Недели через две я пошел вечером в гости, и там узнал, что назавтра утром появится в газетах объявление войны. Возбуждение было за столом огромное — и, как теперь особенно издали видно, странное: вряд ли повторялась эта психология когда-либо в образованном обществе другой страны. Семья была коренная русская, хорошего земского направления, и почти все гости тоже; но война эта их волновала не как собственное личное событие, а как что-то разразившееся рядом, очень близко, вот прямо перед глазами, но все же не совсем у них; словно заболел сосед по комнате, или словно потрясла и захватила их, до дна души захватила, драма на сцене: они сидят в партере, в двух шагах от рампы, но по сю сторону рампы.
Самое странное было, что никто ничего не знал.

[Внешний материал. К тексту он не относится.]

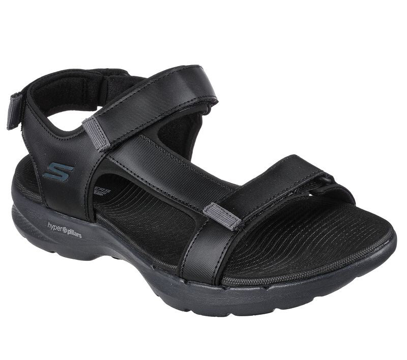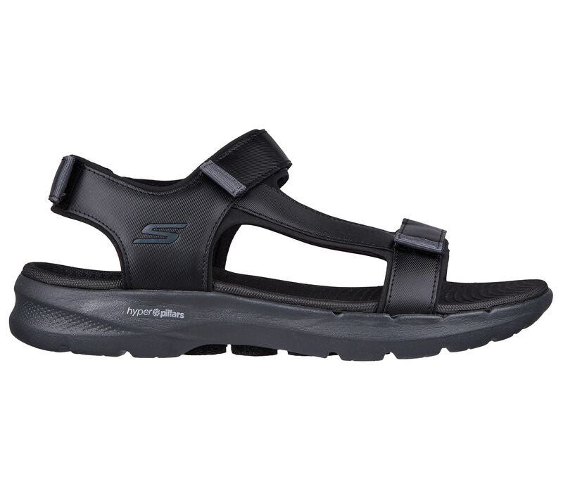 Warm-weather style gets an upgrade in comfort with Skechers GO WALK® 6 Sandal. This river style sandal features a synthetic upper with adjustable straps, a contoured Goga Mat® comfort footbed, lightweight ULTRA GO® cushioning and Hyper Pillar Technology™ for added support.

О Японии помнили по уже далеким учебникам: привыкли считать ее маленькой страною вроде Голландии, не понимали, как такая мелюзга топорщится воевать с Россией, и широко распахивали глаза, слыша нежданно, что там больше пятидесяти миллионов народу. Не представляли себе и того, что Россия на Дальнем Востоке совсем не тот великан, — что туда ведет за тысячи верст ниточка жалкой одноколейки, по которой медленно будет просачиваться взвод за взводом, еще скупее — провиант и амуниция. Еще меньше знали, конечно, где Манчжурия и кому она нужна: если что знали, то устные пересуды о каком-то Абазе, о каком-то Безобразове, которые там не то напутали, не то накрали — а что и как, неведомо.

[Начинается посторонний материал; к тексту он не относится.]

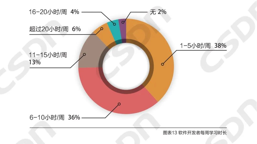 38%的开发者每周学习1-5小时,59%的开发者每周学习6小时以上。
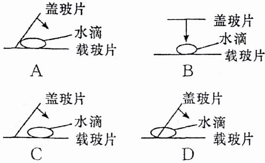 4. (2023·重庆渝北区)下面是制作洋葱鳞片叶内表皮细胞临时装片中盖盖玻片这一步骤图,箭头代表盖盖玻片的方向。下列哪种盖片方法可以减少气泡产生?(

И, несмотря на эту, сегодня утром еще несомненную, непомерность между мелюзгой и великаном, все почему-то оживленно предвещали: наших побьют; и никто во всем доме от этой уверенности не пригорюнился. Там, на сцене, там побьют; тут у нас, в зрительном зале, насущная забота совсем иная — если пьеса провалится и лопнет вся антреприза, нам же лучше… Тогда меня это, конечно, нисколько не поразило, я ничего иного и не ждал; только теперь, оглядываясь назад, соображаю, как все это было странно, сколько нагромоздиться должно было вековых отчуждений, чтобы так извратился основной, непроизвольный, первоприродный отклик национального организма на вонзившийся в тело шип.

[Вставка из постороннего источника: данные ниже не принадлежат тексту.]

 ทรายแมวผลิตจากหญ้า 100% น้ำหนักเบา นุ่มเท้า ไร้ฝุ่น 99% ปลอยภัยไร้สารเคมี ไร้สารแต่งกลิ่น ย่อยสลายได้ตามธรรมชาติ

Еще накануне Марко со мной договорился встретиться на послезавтра за пирожками у Филиппова; он, конечно, опоздал на час, но я так и знал. Сетовать не пришлось: у Филиппова я застал знакомого, большого столичного литератора. Имени не назову, но все его помнят. Был это, по-моему (хотя общее мнение до сих пор другое), человек не подлинно талантливый, а только зато с крапинами истинной гениальности: самая неудачная и несчастная комбинация. Талантом называется высокая степень способности что-то хорошо сделать; он, по-моему, ничего хорошо сделать не умел, и все большие книги его о русских романистах и итальянских художниках, напряженно-вдумчивые, но никуда не доводящие, будут забыты. Но отдельной строкою он умел иногда поразить и даже потрясти — вдруг приподнять крышку над непознаваемым и показать на секунду отражение первозданности в капле уличного дождя. Я раз от него (но речь шла о другом авторе) услышал хорошее слово для определения этой черты: «пхосвэты в вэчность» — он был выходец хедера и говорил с этим оттенком. Беседовать с ним, когда в ударе, было большое наслаждение: как ночью в море плескаться в фосфоресцирующей воде, думал я не раз, вспоминая прошлое лето.